Procrastinatory Doom Loops
I do tasks on three timescales: they either get done immediately, after a shamefully massive delay, or not at all. There’s little in-between.
The latter cases are some of my biggest sources of shame in life. I pride myself on being as reliable and honest a person as possible, so it eats me up to betray someone’s trust for week after week after month… what does it say about me when I’m being trusted and completely fail to deliver, despite many promises?
Ironically, this instinct and identity are what cause those massive failures: when I’ve been procrastinating on something, I can hardly bear to think about it—and so it’s excruciating to stop procrastinating long enough to deal with it. It’s a tragic positive feedback loop: the more I slack, the harder it is to stop.
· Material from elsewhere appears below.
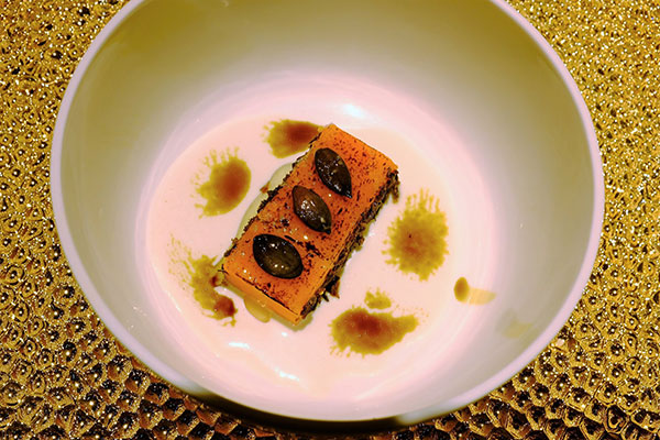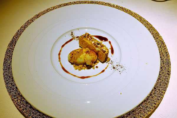 Mille-feuille, hazelnut cream, pear sorbet, porcini mushroom reduction sauce¡G²¢ÂI¬O¤d¼h³J¿|¡Aºd¤l¥¤Âæ¡A±ù¤l¦B¬â¡Aporcini»Û£Âæ¥Ä¡C§Úı±o¥L¥Îporcini»Û£¼õ¦¨¿@¸YªºÂæ¥Ä¨Ó·f°t²¢ÂI´N¬O¥L¼F®`ªº¦a¤è¡A¤]¬O¥Lªºµæ¤§©Ò¥H¦³½ìªº¦a¤è¡C

I call this phenomenon the “Procrastinatory Doom Loop (PDL)”™:
- I commit to someone that I’ll do something “soon,” or by a deadline.
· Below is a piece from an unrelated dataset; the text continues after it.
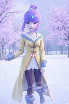 Quiet winter wonderland scene: a stunning beauty is standing, and her delicate purple hair cleverly outlines her face. Her charming posture shows her outstanding temperament. It complements the soft snowfall around her. In the distance, the blooming plum blossoms add a vibrant color to the quiet scenery, as if frozen in time.1 girl, solo, purple hair, pantyhose, boots, blunt bangs, black eyes, single bun, yellow skirt, long sleeves and headdress.

- I don’t promptly follow through; instead, I do other things with my time.
- As time drags on, the task pops into my head. But I’ve been procrastinating on it, so thinking about it brings to mind my irresponsibility, and makes me feel bad! So, to avoid cognitive dissonance, I push the thought away.
- The deadline passes; I haven’t followed through. The person that’s waiting texts me, asking what happened. I, awash with shame, reply something vague about how it’s “taking longer than expected,” and promptly shunt thought of the painful topic back to my deepest mental recesses.
- More time passes; it still isn’t done. When I think about the task, I feel a wave of self-revulsion, and move on quickly. (If completing the task would require focus, I’d need to confront this failure with my full mind for hours at a time: unbearable! So the bigger the task, the more it slips.)
PDLs can end in two different ways: on an energetic day, I muster up the courage to face my fears… or I quietly abandon any hope of following through and gradually forget my commitment.
The former is usually helped along by credible threat of severe downside if I keep procrastinating (hi, IRS!). The latter is much more common in personal affairs.
(I’m not very good at avoiding them yet, but at least the problem is clear!)